The fire early warning method for monitoring the video image smoke based on machine learning is characterized in that the judging method in the step 43) is as follows:
if the scene is selected as type B and the judgment result in the step 43) is correct, the picture is judged to be a fire early warning picture, early warning is sent out, the picture is added into a corresponding scene, and a characteristic value is trained;
if the scene is selected as type A and the judgment result in the step 43) is correct, the picture is judged to be a non-fire early warning picture, no early warning is sent, and the picture is added into the corresponding scene to train a characteristic value;
if the scene selection is not A type and not B type, an early warning is sent out, artificial intervention judgment is carried out, the picture is added into a new scene, and the characteristics of the picture are trained.

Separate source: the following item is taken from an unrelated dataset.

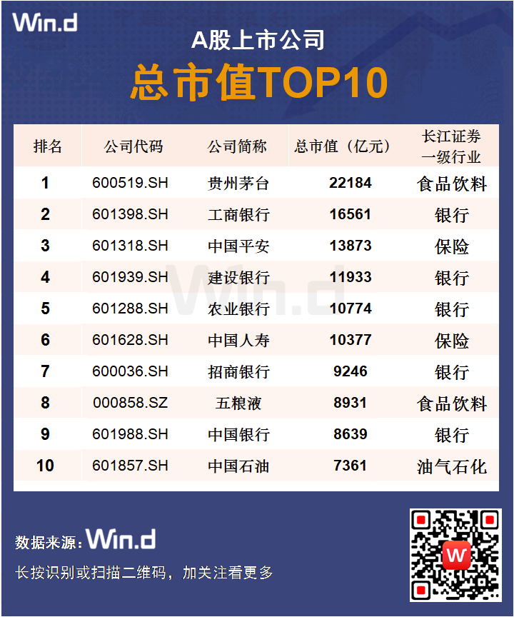 从总市值看,贵州茅台总市值超过两万亿元一马当先,工商银行、中国平安、建设银行、农业银行、中国人寿市值均超过万亿元。

The fire early warning method for monitoring the video image smoke based on the machine learning is characterized in that the parameter lambda is 10, theta is 0,
Figure GDA0003242975130000071
γ=0.5,σ=0.56λ。
the invention achieves the following beneficial effects: the problem that whether the detected smoke is caused by a fire or not cannot be accurately distinguished by a classifier in the traditional machine learning method is solved. The invention judges the context relation of the area where the smoke is located by using a context target detection method, and reduces the false alarm rate and the false alarm rate on the premise of improving the fire early warning rate.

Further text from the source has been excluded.